Everyone was impressed when Dave came home with a new Ford 150 pickup truck. Sure, it was ten years old, but the man never spent money on new vehicles, and in fact for most of his life never spent more than one paycheck on one. This Ford was fancy. It had all its paint in two colors with a matching canopy and although there was a ragged hole in the dashboard where a radio used to be before it was excavated by a roving entrepreneur, it looked positively pristine.
We took care of that in a hurry. He had no use for a canopy and we set it out in the yard and advertised it and it turns out nobody else had a use for it either, so we set it to work killing the lawn for a while and then hauled it to the dump. The truck was a good little worker. We made dump runs and compost runs and cow poop runs and gravel runs and a bunch of our neighbors had the key too, and then when water pooled up in a corner of the bed because it tilted toward the curb Dave drilled a couple holes in it for drains. We always got a kick out of lending it to the neighbors with the expensive truck. You know, the kind with the fluffy bed liner. They might as well have dressed it in satin and laid in a row of corpses with lilies. Not sure what they had in mind for it but bringing home cow poop was not in the cards. Enter our truck. The worker.
And I loved it because it had power steering, or something a lot like it.
But we will never have the affection for it that we had for our old Cornbinder.
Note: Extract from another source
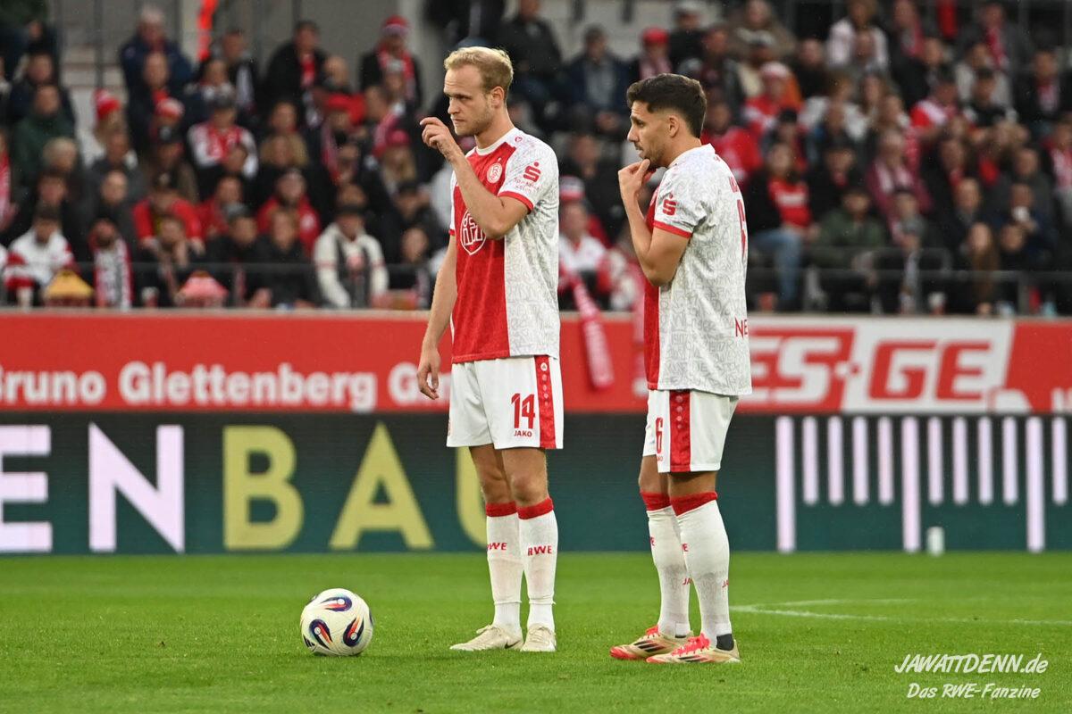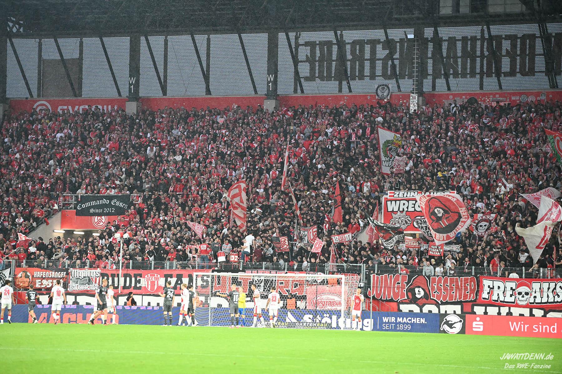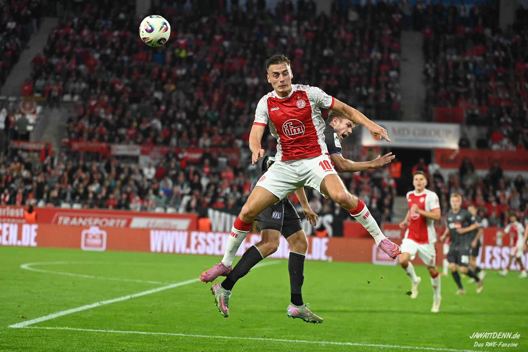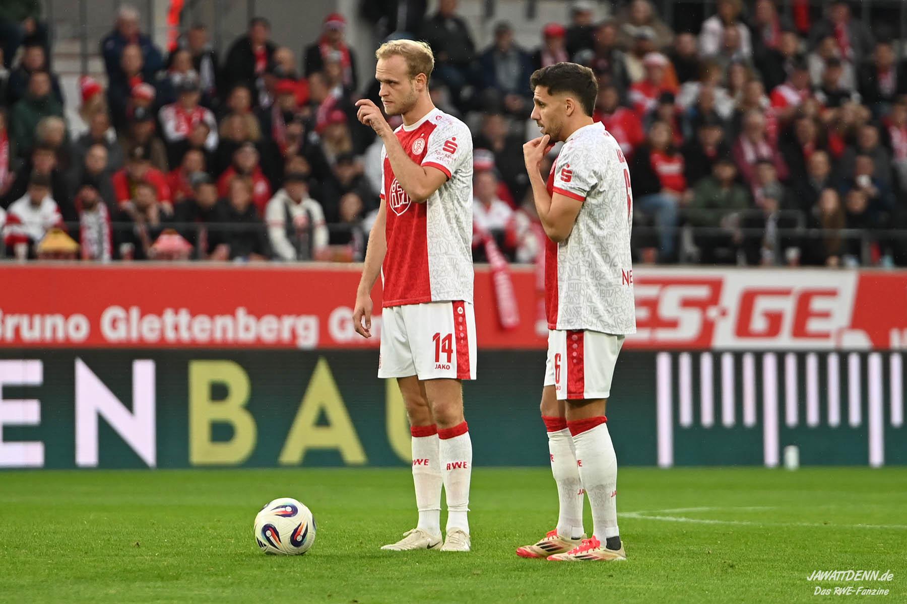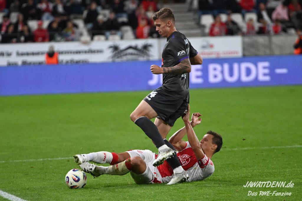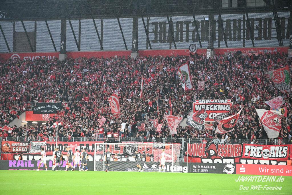 Alle kritischen Stimmen wären auch sicherlich verstummt, hätte RWE dieses Spiel mit einem eigenen Treffer gewonnen – doch obgleich der verursachte Elfmeter von Franci Bouebari sicherlich streitbar war, machte sich RWE erneut selbst das Leben schwer und brachte einen über weite Strecken offensiv abgemeldeten Gegner durch einen Elfmeter ins Spiel und sich selbst unter Druck. Vier verursachte Elfmeter in zwei Heimspielen sind rekordverdächtig und in den letzten fünf Pflichtspielen geriet RWE viermal in Rückstand. Im sechsten Saisonspiel gab es den zehnten Gegentreffer und in noch keinem Spiel behielt RWE die weiße Weste.

Our friend Mike sold the International Harvester to us, so we knew the entire provenance. It had done serious time on a hippie farm in Spray, Oregon, and in all the fifteen years we owned it, it never looked any the worse for wear. That sucker was born ugly. It looked like a squared-off armadillo with an indifferent paint job and a front end with no pretense. It made a statement. “I am the front of the truck,” it stated. “You might want to move out of the way.”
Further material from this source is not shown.